Without including any images, output the listing below exactly.

_THE RECORDS_:

◆ ◆ ◆

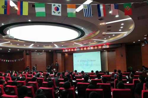 11月30日,由校团委主办的第一届模拟联合国大会开幕式在我校逸夫报告厅举办。校党委副书记魏立平出席开幕式并讲话。学生处、校团委、外国语学院负责人及19支代表队和留学生代表、外语爱好者共计200余人参加了开幕式。
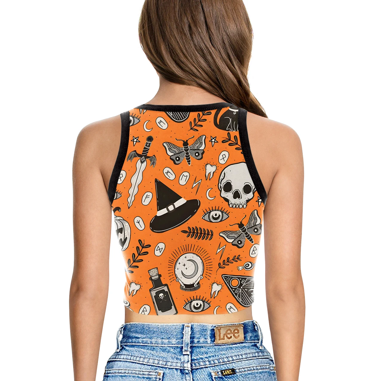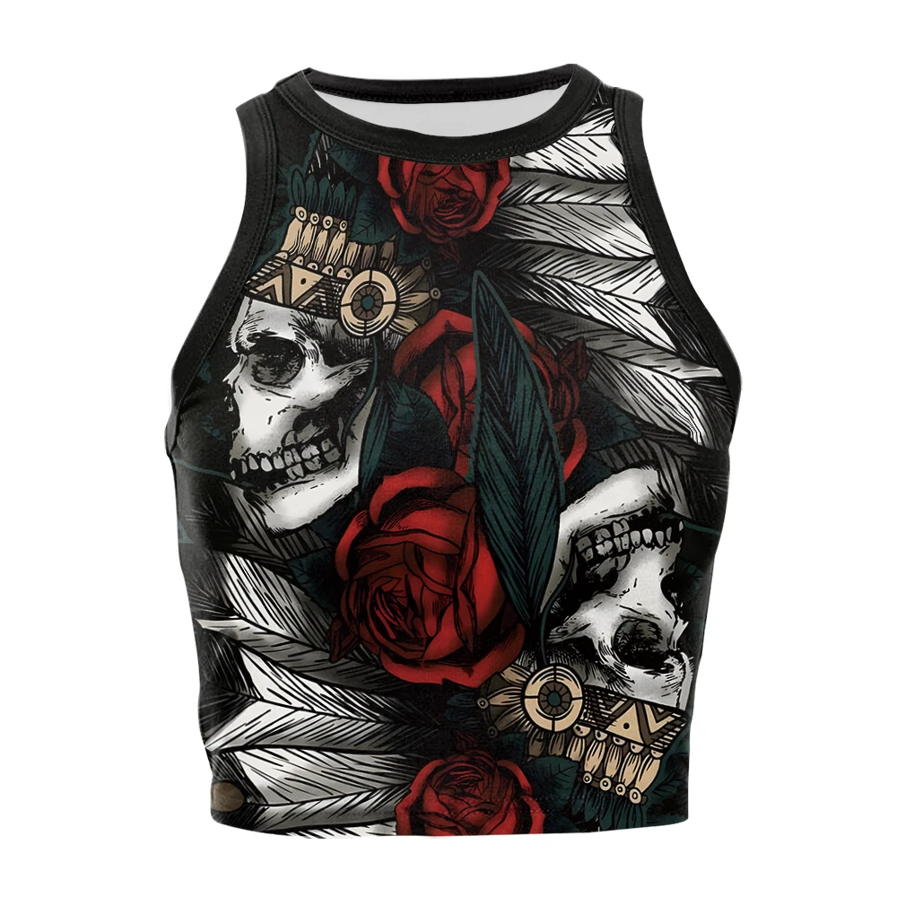 This sleeveless vest is designed with a flattering round neckline, perfect for adding a subtle spooky touch to your Halloween look.
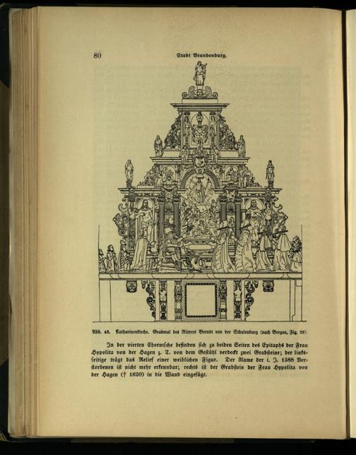In der vierten Chorniſche befinden ſich zu beiden Seiten des Epitaphs der Frau Hypolita von der Hagen z. T. von dem Geſtühl verdeckt zwei Grabſteine; der linksſeitige trägt das Relief einer weiblichen Figur. Der Name der i. J. 1588 Verſtorbenen iſt nicht mehr erkennbar; rechts iſt der Grabſtein der Frau Hypolita von der Hagen(f 1620) in die Wand eingefügt.
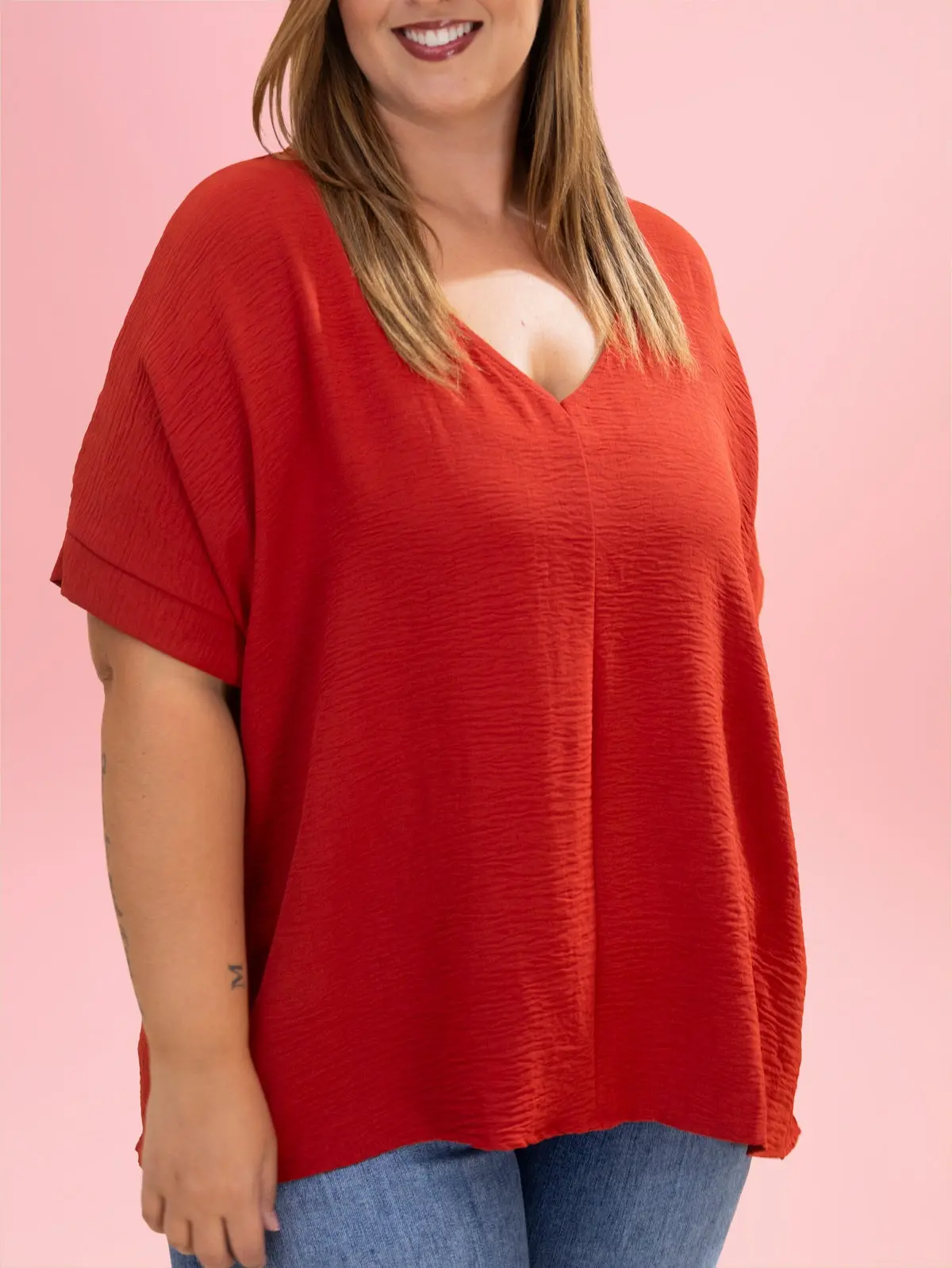 Nice bright color and I love the material. Perfect summer top. Arrived quickly.
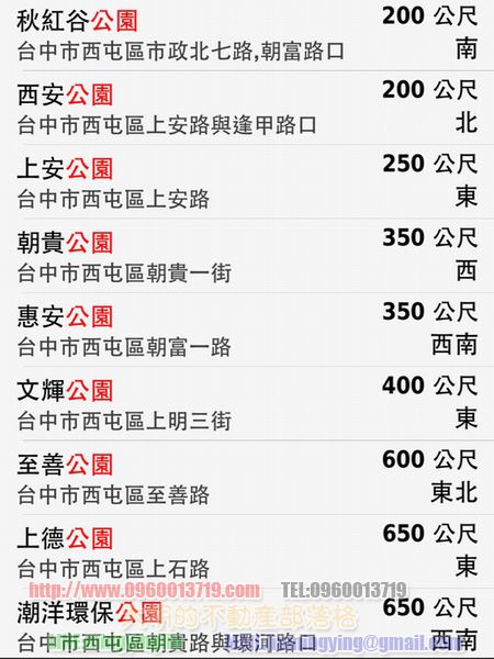 ●附近更是有秋紅谷公園,西安公園,上安公園,朝貴公園,惠安公園等…
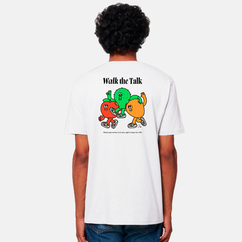 Designed in Barcelona and ethically made in Portugal in collaboration with Tiago Majuelos, the SAYE x Tiago T-Shirt highlights the innovative materials we’ve used for The Greens Capsule. It features playful depictions of a cactus, apple, and mango, representing our promise to #WalkTheTalk when it comes to eco-conscious accessories.
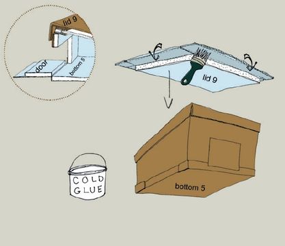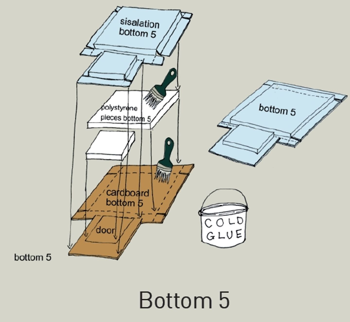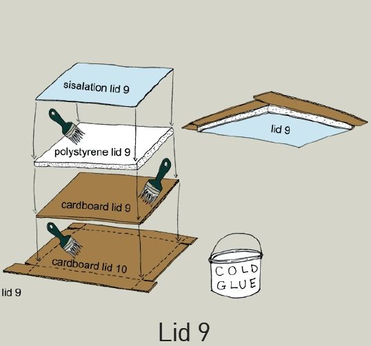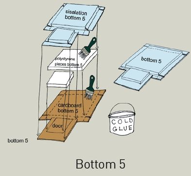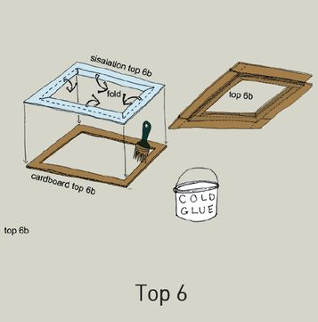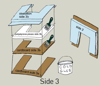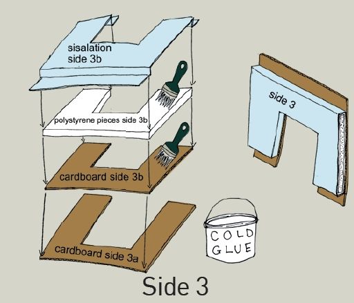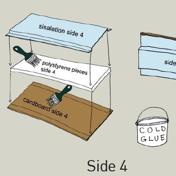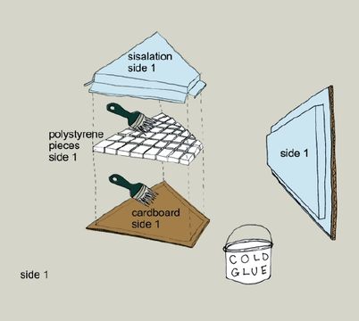 Apply glue to the cardboard and paste the polystyrene on. Apply to glue to the polystyrene and paste the sisalation on. Make sure not to glue the folding edge flaps of the sisalation and cardboard together yet
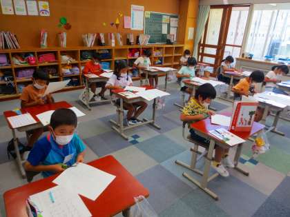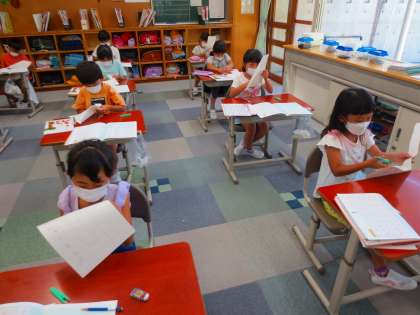 2年生の書写に掛川小学校の2年生が1人参加しました。小小連携です。普段は一人で学習しているそうです。

◆ ◆ ◆

_ANSWER SPACE_:
 11月30日,由校团委主办的第一届模拟联合国大会开幕式在我校逸夫报告厅举办。校党委副书记魏立平出席开幕式并讲话。学生处、校团委、外国语学院负责人及19支代表队和留学生代表、外语爱好者共计200余人参加了开幕式。
 This sleeveless vest is designed with a flattering round neckline, perfect for adding a subtle spooky touch to your Halloween look.
In der vierten Chorniſche befinden ſich zu beiden Seiten des Epitaphs der Frau Hypolita von der Hagen z. T. von dem Geſtühl verdeckt zwei Grabſteine; der linksſeitige trägt das Relief einer weiblichen Figur. Der Name der i. J. 1588 Verſtorbenen iſt nicht mehr erkennbar; rechts iſt der Grabſtein der Frau Hypolita von der Hagen(f 1620) in die Wand eingefügt.
 Nice bright color and I love the material. Perfect summer top. Arrived quickly.
 ●附近更是有秋紅谷公園,西安公園,上安公園,朝貴公園,惠安公園等…
 Designed in Barcelona and ethically made in Portugal in collaboration with Tiago Majuelos, the SAYE x Tiago T-Shirt highlights the innovative materials we’ve used for The Greens Capsule. It features playful depictions of a cactus, apple, and mango, representing our promise to #WalkTheTalk when it comes to eco-conscious accessories.
 Apply glue to the cardboard and paste the polystyrene on. Apply to glue to the polystyrene and paste the sisalation on. Make sure not to glue the folding edge flaps of the sisalation and cardboard together yet
 2年生の書写に掛川小学校の2年生が1人参加しました。小小連携です。普段は一人で学習しているそうです。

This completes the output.